**Task input**

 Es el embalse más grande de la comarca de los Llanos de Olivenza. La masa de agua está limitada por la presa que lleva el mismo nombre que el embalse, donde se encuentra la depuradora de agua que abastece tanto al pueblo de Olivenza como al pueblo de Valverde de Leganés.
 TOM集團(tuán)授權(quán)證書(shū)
---
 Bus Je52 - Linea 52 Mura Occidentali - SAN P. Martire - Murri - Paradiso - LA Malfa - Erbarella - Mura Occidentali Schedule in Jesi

**Your assignment**
Begin at the line above that has "Es el embalse" and stop after the line that has "TOM集團(tuán)授權(quán)證書(shū)", copying each line exactly and adding nothing else.

**Answer to this exercise**
 Es el embalse más grande de la comarca de los Llanos de Olivenza. La masa de agua está limitada por la presa que lleva el mismo nombre que el embalse, donde se encuentra la depuradora de agua que abastece tanto al pueblo de Olivenza como al pueblo de Valverde de Leganés.
 TOM集團(tuán)授權(quán)證書(shū)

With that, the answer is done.